/oura-data-visualiser

Grabs sleep data from the Oura API, stores it in a local database and allows you to visualise the data with Grafana

Primary LanguagePythonGNU General Public License v3.0GPL-3.0

Oura sleep data visualiser

This is a Python project that allows you to pull your data from the Oura API using a personal access token, save it to a local PostgreSQL database, then use tools like Grafana to revisualise it. Currently the data being scraped is:

  • Sleep score including score breakdown (e.g. efficiency, latency, etc)
  • Sleep durations for:
    • Total time in bed duration
    • Total sleep duration
    • REM sleep duration
    • Deep sleep duration

Although last change was made approx 3 months ago - script should be working as of this edit, October 2023.

Example of visualising your sleep data with this tool

Limitations and warnings

This tool was created for PERSONAL USE and such is not intended as a production-quality community tool. Use at your own risk. In my configuration, all necessary programs are running under a Rapsberry Pi running . The tool should work on other platforms such as MacOS, Windows, other Linux distriubtions. Support for other platforms will not be provided at this stage.

Installation

Prerequisites

Install Postgres (linux) - Other database types now supported, but not tested

Installing Postgres is recommended first. For proper documentation, follow instructions for your platform at: https://www.postgresql.org/download/ (or consider using something like brew on macOS) or General instructions:

  1. Update your package list and install postgres

    sudo apt update && sudo apt install postgresql
  2. Switch to the postgres user using

    sudo -i -u postgres
  3. Access the PostgreSQL terminal by running:

    psql
  4. Create the database you will use to host the data (by default this tool calls it 'sleepdb')

    CREATE DATABASE sleepdb;

Set up a Virtual Environment (Optional)

Setting up a virtual environment is recommended to keep the project dependencies isolated. Follow these steps to set up a virtual environment. Note on MacOS you may need to follow some of the steps described in https://stackoverflow.com/questions/34304833/failed-building-wheel-for-psycopg2-macosx-using-virtualenv-and-pip

  1. Change to the project directory:

    cd your-repository
  2. Create a virtual environment:

    python3 -m venv venv
  3. Activate the virtual environment:

    source venv/bin/activate

Install Dependencies

  1. Ensure that the virtual environment is activated (if you set up one).

  2. Install the project dependencies by running the following command:

    pip install -r requirements.txt

Configuration

  1. Open the config-template.ini file in a text editor.
  2. Fill out all configurations in the db and user sections
  3. Save the file.
  4. Set an environment variable to tell your operating system where to find this file. (Add to ~/.bashrc to not need to do this every time program is run)
export OURA_SLEEP_CONFIG_PATH="e.g. PATH/TO/YOUR/CONFIG-FILE.ini"

Set up

As long as a database exists as defined in your config file, the program will create the necessary table for you.

python3 sleep-data.py

Installing Grafana

Grafana allows your to visualise data from a range of sources. Follow their guide at: https://grafana.com/docs/grafana/latest/setup-grafana/installation/

Connecting Grafana to your Postgres database

Follow this guide for connecting grafana to your postgres server https://grafana.com/docs/grafana/latest/datasources/postgres/

Example of Query to show scores in Grafana

Create a new Visualization on your main Grafana dashboard.

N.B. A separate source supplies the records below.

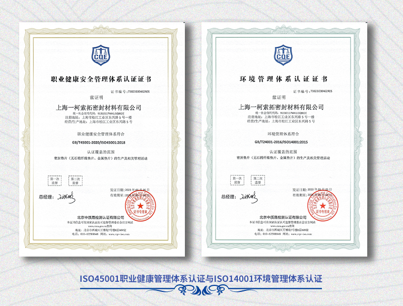 SealTex has been committed to the production and sales of 100% asbestos-free environmental sealing gaskets and high-temp thermal insulation products,  participate in a number of National Standards establishment, engineering support to the customers such as FUJI test and FEA,. SealTex has passed ISO9001, IATF16949, ISO14001, ISO45001 and obtained local GC special equipment manufacturing licence.
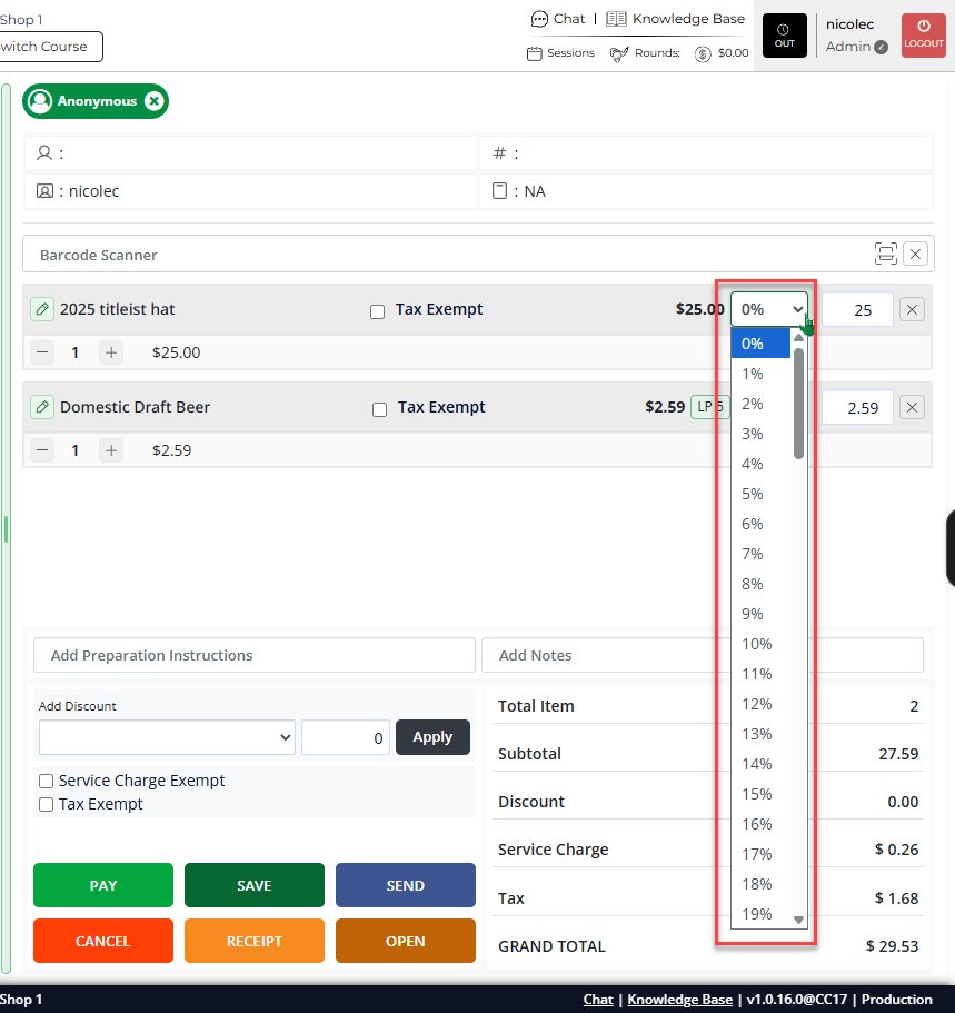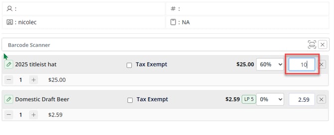 Step 3: To apply a discount to that item, enter a percentage in the discount % field on that row. The price will update automatically to reflect the discount.
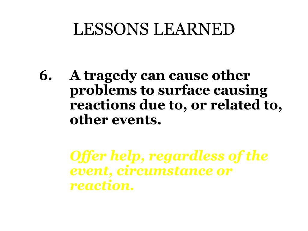 LESSONS LEARNED 6. A tragedy can cause other problems to surface causing reactions due to, or related to, other events. Offer help, regardless of the event, circumstance or reaction.

Set the data source to PostgreSQL. Under the 'code' query builder, you can now pull out the fields you need.

SELECT score as "Sleep Score", date FROM sleep_sessions WHERE $__timeFilter(date)

Usage

  1. Ensure that you have followed setup instructions (above)
  2. Run the Python script by executing the following command:
python3 sleep-data.py

Major changes released 19/7/23

  1. Migrated from psycopg2 to sqlalchemy to allow for more generic db handling
  2. Added support for pulling in sleep durations
  3. Various code refactoring and readability improvements

Setting up the script to run automatically

You can use a tool like cron to run the script every day.

Upcoming improvements

  • Add installation shell script to speed up installation.
  • Look at Docker container version of tool.
  • Pull in more information from Oura. At the moment only sleep data is pulled.

Known issues

  • checkConfig() fails if no password is set, which is a valid configuration on postgres.